__TASK DIRECTIONS__
The needed output is the run of lines below from the one containing "Удлинитель-адаптер с магнитным" through the one containing "作品分类:流行钢琴简谱", copied exactly and free of pictures.

__DATA TO USE__
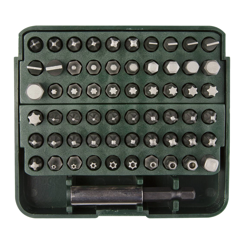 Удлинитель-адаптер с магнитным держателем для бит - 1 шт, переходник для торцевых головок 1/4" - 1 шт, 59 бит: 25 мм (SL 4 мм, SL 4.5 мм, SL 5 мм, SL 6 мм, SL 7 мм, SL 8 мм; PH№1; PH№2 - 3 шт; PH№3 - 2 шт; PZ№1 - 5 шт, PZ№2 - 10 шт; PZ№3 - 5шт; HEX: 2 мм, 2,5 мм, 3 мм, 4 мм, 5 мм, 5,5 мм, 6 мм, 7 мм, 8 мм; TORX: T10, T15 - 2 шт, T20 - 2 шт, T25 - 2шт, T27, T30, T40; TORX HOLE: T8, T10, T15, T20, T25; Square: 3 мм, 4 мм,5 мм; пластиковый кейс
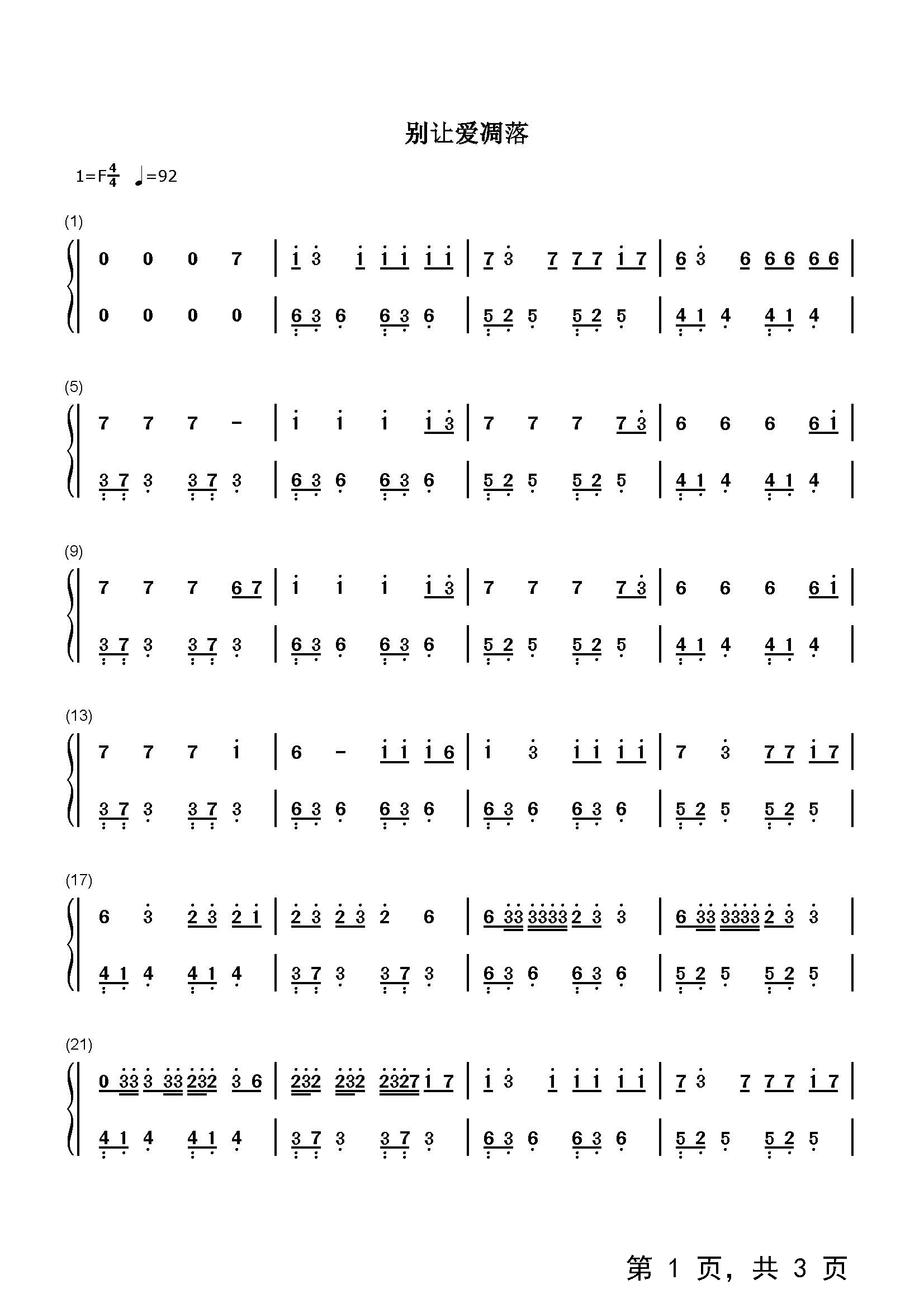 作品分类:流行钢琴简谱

---

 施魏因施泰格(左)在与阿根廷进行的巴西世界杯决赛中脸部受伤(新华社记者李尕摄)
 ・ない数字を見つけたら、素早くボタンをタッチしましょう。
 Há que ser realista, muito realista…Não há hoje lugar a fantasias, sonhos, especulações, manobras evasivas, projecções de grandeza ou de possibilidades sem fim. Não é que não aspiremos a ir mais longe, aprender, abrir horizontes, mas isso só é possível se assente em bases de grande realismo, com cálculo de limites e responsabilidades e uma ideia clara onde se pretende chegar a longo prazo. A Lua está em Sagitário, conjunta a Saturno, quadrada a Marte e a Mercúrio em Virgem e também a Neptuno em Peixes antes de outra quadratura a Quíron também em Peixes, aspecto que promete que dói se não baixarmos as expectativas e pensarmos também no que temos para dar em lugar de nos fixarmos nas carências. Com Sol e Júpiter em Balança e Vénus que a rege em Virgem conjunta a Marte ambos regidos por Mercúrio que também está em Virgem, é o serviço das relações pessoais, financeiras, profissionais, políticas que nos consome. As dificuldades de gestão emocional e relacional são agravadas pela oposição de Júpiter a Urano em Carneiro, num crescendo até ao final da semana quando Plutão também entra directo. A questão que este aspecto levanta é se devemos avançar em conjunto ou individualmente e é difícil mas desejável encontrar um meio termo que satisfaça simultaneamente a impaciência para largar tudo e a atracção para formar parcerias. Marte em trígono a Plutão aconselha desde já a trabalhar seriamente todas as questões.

__SOLUTION TO THIS PROBLEM__
 Удлинитель-адаптер с магнитным держателем для бит - 1 шт, переходник для торцевых головок 1/4" - 1 шт, 59 бит: 25 мм (SL 4 мм, SL 4.5 мм, SL 5 мм, SL 6 мм, SL 7 мм, SL 8 мм; PH№1; PH№2 - 3 шт; PH№3 - 2 шт; PZ№1 - 5 шт, PZ№2 - 10 шт; PZ№3 - 5шт; HEX: 2 мм, 2,5 мм, 3 мм, 4 мм, 5 мм, 5,5 мм, 6 мм, 7 мм, 8 мм; TORX: T10, T15 - 2 шт, T20 - 2 шт, T25 - 2шт, T27, T30, T40; TORX HOLE: T8, T10, T15, T20, T25; Square: 3 мм, 4 мм,5 мм; пластиковый кейс
 作品分类:流行钢琴简谱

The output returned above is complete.